论文: Deep Interest Evolution Network for Click-Through Rate Prediction
模型结构
注意: 由于 DIEN 内部使用 GRU 动态计算,torchview 暂时无法自动追踪其计算图,因此未提供架构可视化图。
- Interest Extractor Layer: 使用 GRU 对用户行为序列建模,提取每一步的兴趣状态
- Auxiliary Loss: 利用下一时刻的真实点击行为作为监督信号,辅助训练 GRU
- Interest Evolution Layer: 使用 AUGRU (Attention-based Update Gate GRU) 结合目标物品的注意力,建模与目标物品相关的兴趣演化
适用场景
- CTR 预估(点击率预测)
- 用户兴趣随时间有明显变化的场景(如电商、新闻推荐)
- 拥有丰富的带时序的用户行为序列数据
2. 数据准备与预处理
DIEN 的数据准备与 DIN 基本一致,同样使用 Amazon Electronics 数据集,但额外需要提供 history_labels(历史行为标签,标记每一步是否点击)。
python
import pandas as pd
import torch
from torch_rechub.basic.features import SparseFeature, SequenceFeature
from torch_rechub.utils.data import DataGenerator, df_to_dict, generate_seq_feature
# 加载数据
data = pd.read_csv("examples/ranking/data/amazon-electronics/amazon_electronics_sample.csv")
# 自动生成历史序列特征
train, val, test = generate_seq_feature(
data=data, user_col="user_id", item_col="item_id",
time_col="time", item_attribute_cols=["cate_id"]
)
n_users = data["user_id"].max()
n_items = data["item_id"].max()
n_cates = data["cate_id"].max()定义特征
python
# 特征列表(目标物品 + 用户属性)
features = [
SparseFeature("target_item_id", vocab_size=n_items + 1, embed_dim=8),
SparseFeature("target_cate_id", vocab_size=n_cates + 1, embed_dim=8),
SparseFeature("user_id", vocab_size=n_users + 1, embed_dim=8)
]
target_features = features
# 历史行为序列特征
history_features = [
SequenceFeature("hist_item_id", vocab_size=n_items + 1, embed_dim=8,
pooling="concat", shared_with="target_item_id"),
SequenceFeature("hist_cate_id", vocab_size=n_cates + 1, embed_dim=8,
pooling="concat", shared_with="target_cate_id")
]构建 DataLoader
python
train_dict, val_dict, test_dict = df_to_dict(train), df_to_dict(val), df_to_dict(test)

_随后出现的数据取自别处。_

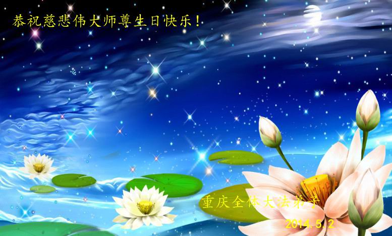 重慶全體大法弟子想念師尊!盼師尊早日回歸大陸。我們會聽師尊的話,用師尊給我們的法寶(向內找)精進實修,信師信法的心堅如磐石,用神的正念助師正法,兌現誓約,用純淨的身心迎接師尊回歸中原。惟願師尊笑!叩拜恩師!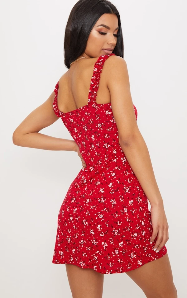 Cette robe rouge à imprimé floral est un must have de l’été. Portez-la avec une paire de sandales à lacets et complétez votre look avec vos lunettes de soleil préférées. Yass girl!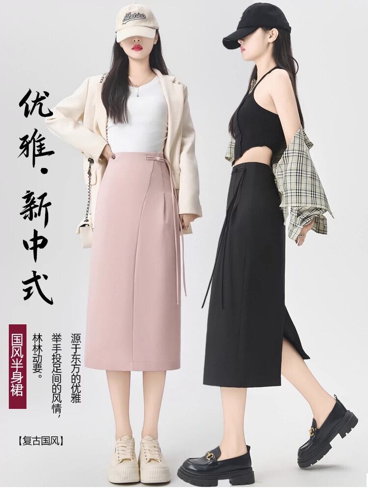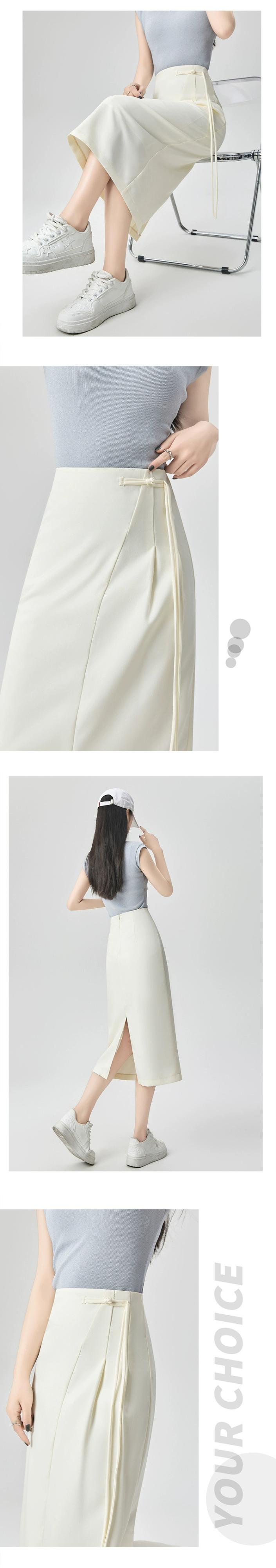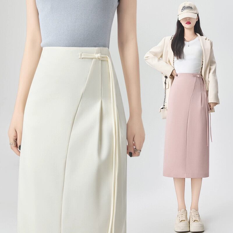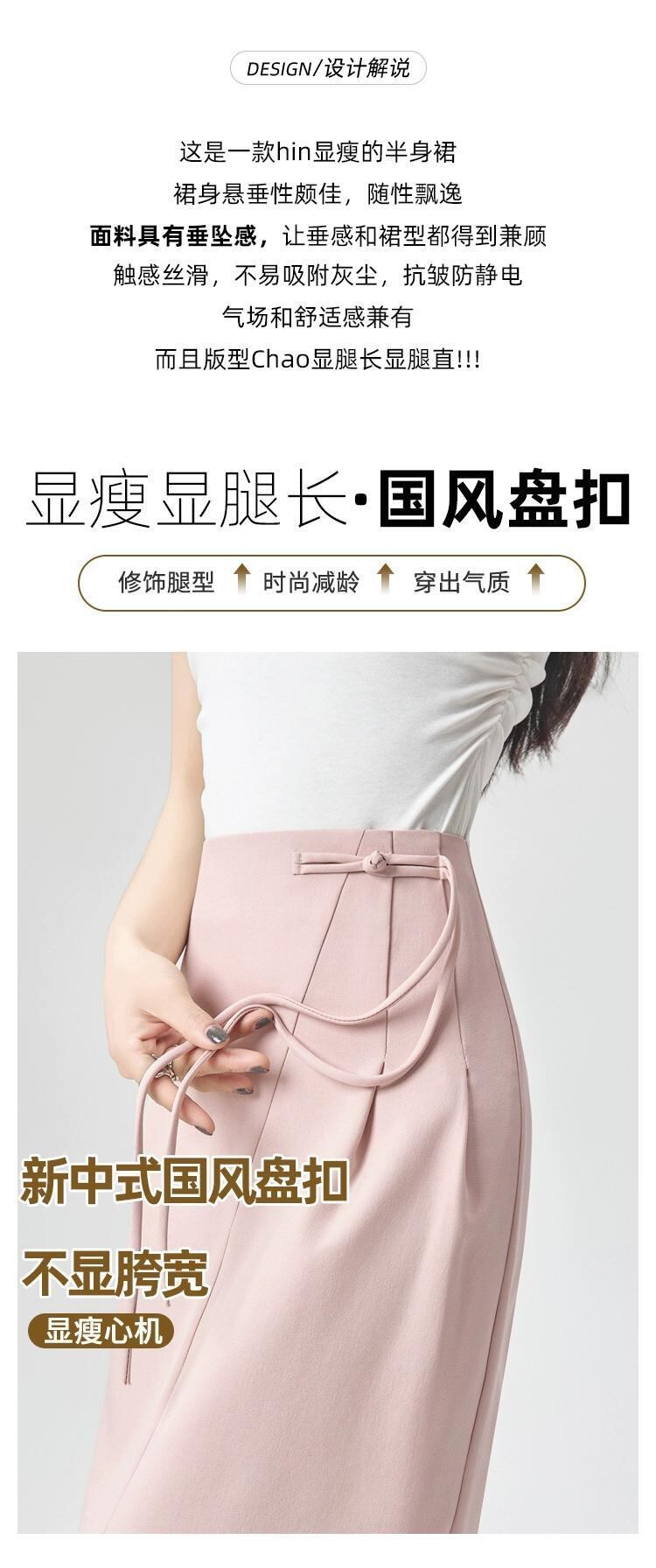 中国風のライト国民風バックルスカート女性の夏のハイウエストスリムドレープストレートバックスリットヒップカバースーツスカート ハイウェスト サマー 夏物 746009576335370 | framboise21

train_y = train_dict.pop("label")
val_y = val_dict.pop("label")
test_y = test_dict.pop("label")
dg = DataGenerator(train_dict, train_y)
train_dl, val_dl, test_dl = dg.generate_dataloader(
x_val=val_dict, y_val=val_y, x_test=test_dict, y_test=test_y, batch_size=4096
)3. 模型配置与参数说明
3.1 创建模型
python
from torch_rechub.models.ranking import DIEN
# history_labels: 标记历史行为序列中每一步是否为正反馈(1=点击,0=未点击)
# 注意:该参数是模型级别的固定配置,而非逐样本的标签
# 这里简单使用全 1 表示所有历史行为都是正反馈(简化示例)
# 实际场景中应根据业务数据设置合理的正负反馈标记
history_labels = [1] * 50 # 与序列长度一致
model = DIEN(
features=features,
history_features=history_features,
target_features=target_features,
mlp_params={"dims": [256, 128]},
history_labels=history_labels,
alpha=0.2 # 辅助损失权重
)3.2 参数详解
| 参数 | 类型 | 说明 | 建议值 |
|---|---|---|---|
features | list[Feature] | 目标物品特征 + 用户特征,同时作为 target_features 传入 | |
history_features | list[Feature] | 历史行为序列,pooling 必须为 "concat" | |
target_features | list[Feature] | 与 features 相同 | |
mlp_params | dict | 顶层 MLP 参数(activation 已内置为 dice,无需传入) | {"dims": [256, 128]} |
history_labels | list | 历史序列中每步的点击标签 (0/1) | 长度与 seq_len 一致 |
alpha | float | 辅助损失的权重系数 | 0.1 ~ 0.5 |
关键: DIEN 的
forward()返回(prediction, auxiliary_loss),训练器会自动处理辅助损失。
4. 训练过程与代码示例
python
from torch_rechub.trainers import CTRTrainer
ctr_trainer = CTRTrainer(
model,
optimizer_params={"lr": 1e-3, "weight_decay": 1e-3},
n_epoch=5,
earlystop_patience=2,
device="cpu",
model_path="./saved/dien"
)
ctr_trainer.fit(train_dl, val_dl)5. 模型评估与结果分析
python
auc = ctr_trainer.evaluate(ctr_trainer.model, test_dl)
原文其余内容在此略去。